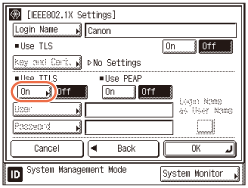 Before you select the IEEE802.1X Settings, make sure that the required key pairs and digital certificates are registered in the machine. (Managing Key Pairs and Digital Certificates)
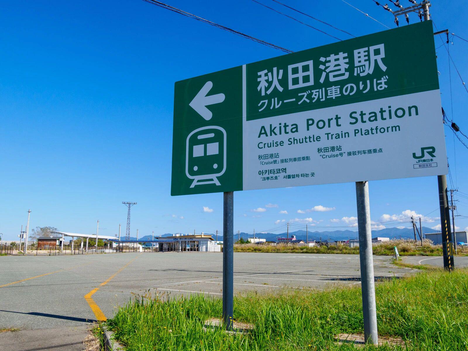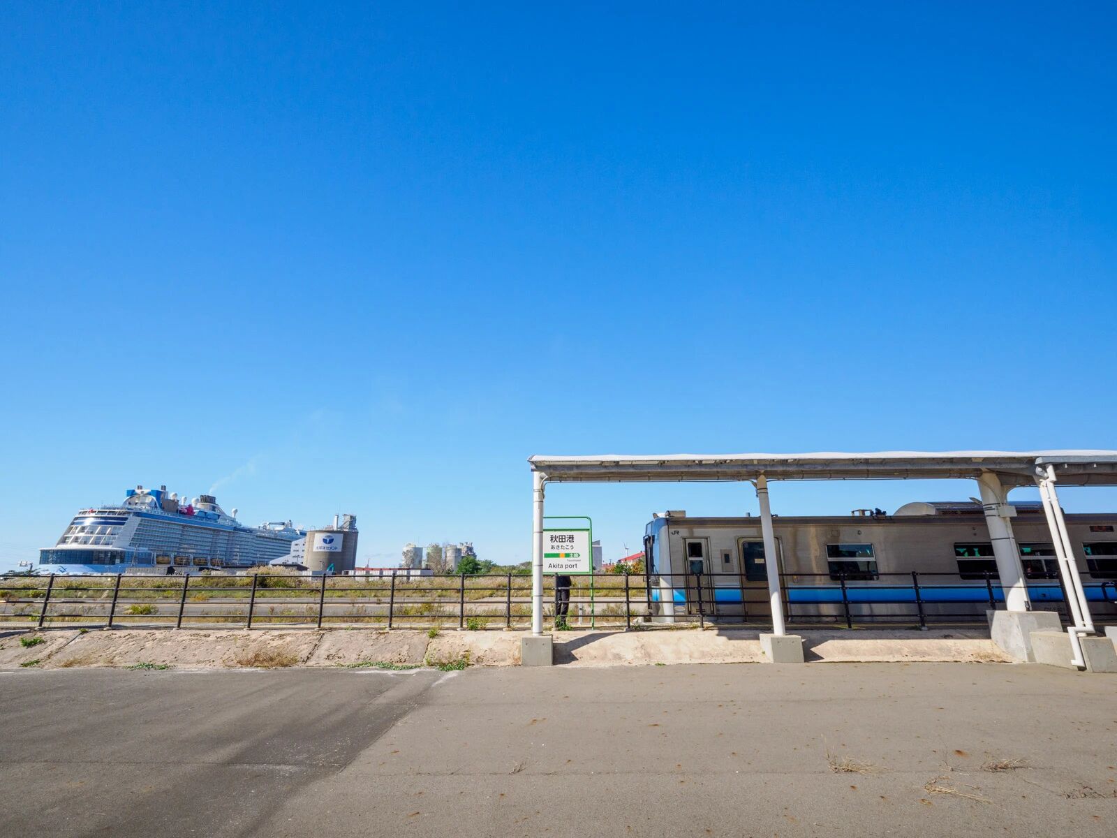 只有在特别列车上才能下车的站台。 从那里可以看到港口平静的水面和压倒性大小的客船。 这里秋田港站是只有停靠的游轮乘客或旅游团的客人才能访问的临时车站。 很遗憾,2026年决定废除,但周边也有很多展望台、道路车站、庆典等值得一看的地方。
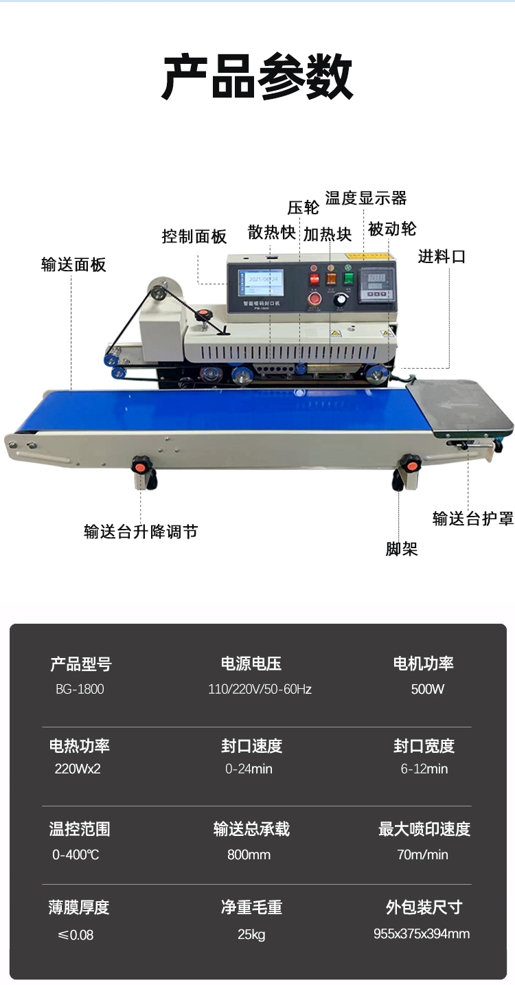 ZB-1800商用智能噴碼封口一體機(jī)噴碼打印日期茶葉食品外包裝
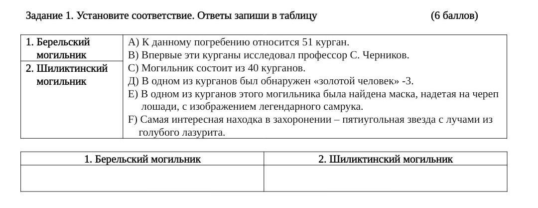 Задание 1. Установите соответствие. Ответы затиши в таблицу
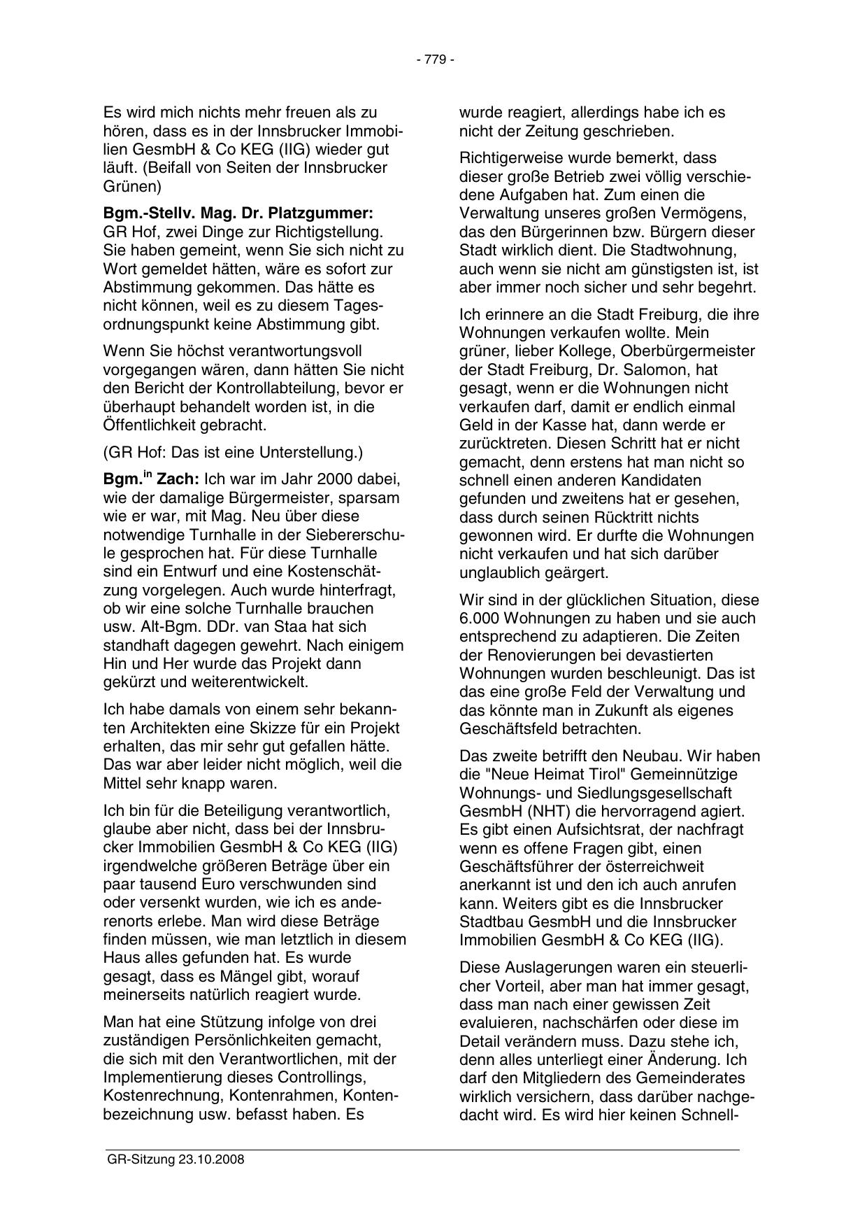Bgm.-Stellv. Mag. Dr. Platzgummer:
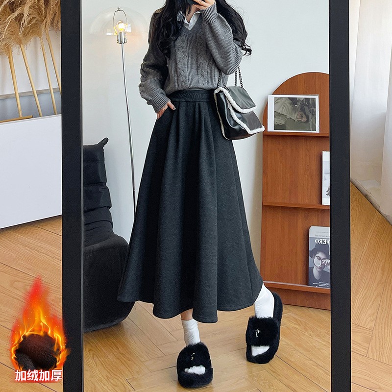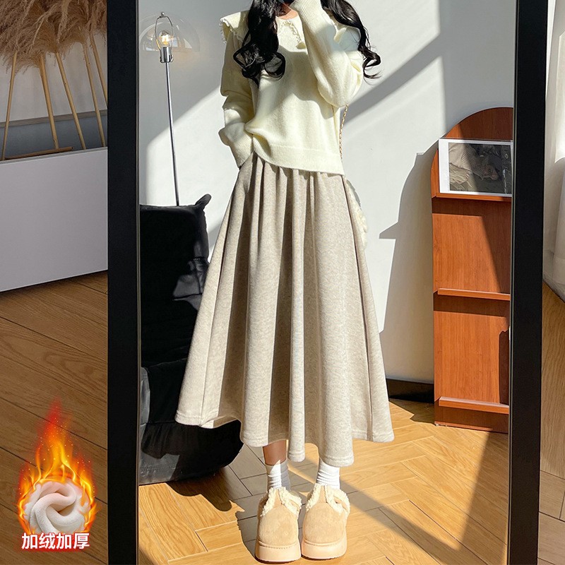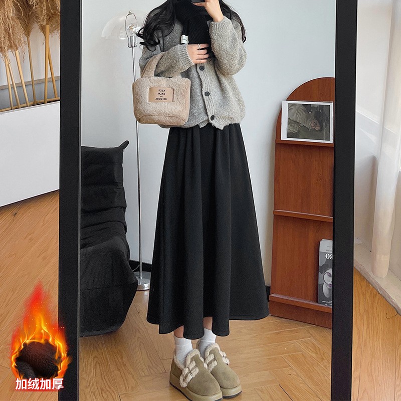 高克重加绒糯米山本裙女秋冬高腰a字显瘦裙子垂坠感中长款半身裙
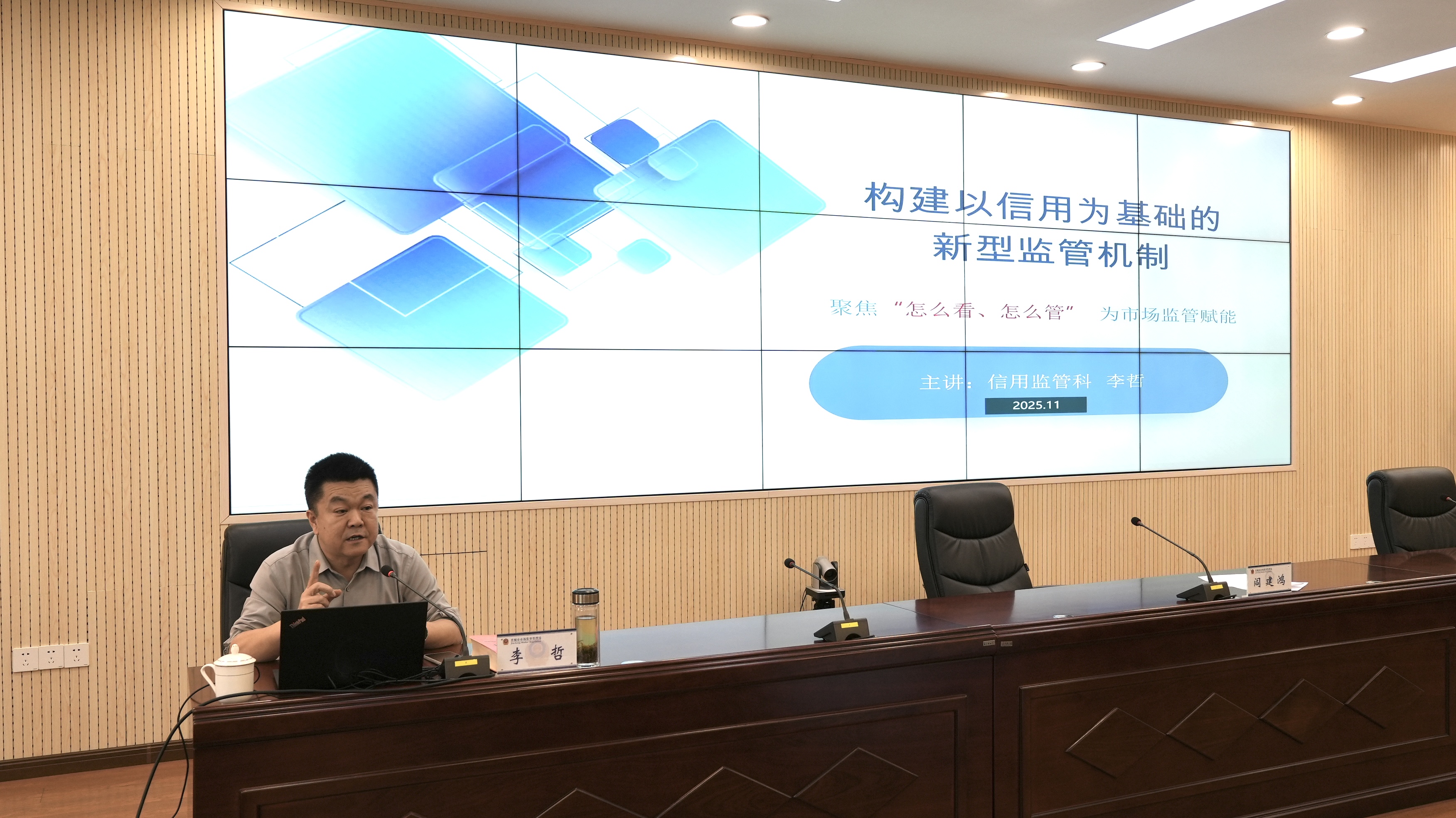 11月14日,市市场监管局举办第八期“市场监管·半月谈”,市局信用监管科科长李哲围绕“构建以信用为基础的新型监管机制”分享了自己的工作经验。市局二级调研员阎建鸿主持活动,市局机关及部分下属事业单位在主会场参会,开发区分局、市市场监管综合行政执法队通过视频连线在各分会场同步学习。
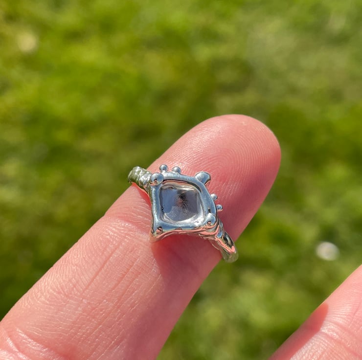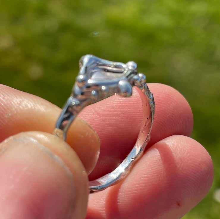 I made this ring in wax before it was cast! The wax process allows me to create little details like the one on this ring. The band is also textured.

• _What the exercise asks_
Exact copy, pictures excluded: print only the lines from the line containing "ZB-1800商用智能噴碼封口一體機(jī)噴碼打印日期茶葉食品外包裝" through the end of the records.

• _Exercise answer_
 ZB-1800商用智能噴碼封口一體機(jī)噴碼打印日期茶葉食品外包裝
 Задание 1. Установите соответствие. Ответы затиши в таблицу
Bgm.-Stellv. Mag. Dr. Platzgummer:
 高克重加绒糯米山本裙女秋冬高腰a字显瘦裙子垂坠感中长款半身裙
 11月14日,市市场监管局举办第八期“市场监管·半月谈”,市局信用监管科科长李哲围绕“构建以信用为基础的新型监管机制”分享了自己的工作经验。市局二级调研员阎建鸿主持活动,市局机关及部分下属事业单位在主会场参会,开发区分局、市市场监管综合行政执法队通过视频连线在各分会场同步学习。
 I made this ring in wax before it was cast! The wax process allows me to create little details like the one on this ring. The band is also textured.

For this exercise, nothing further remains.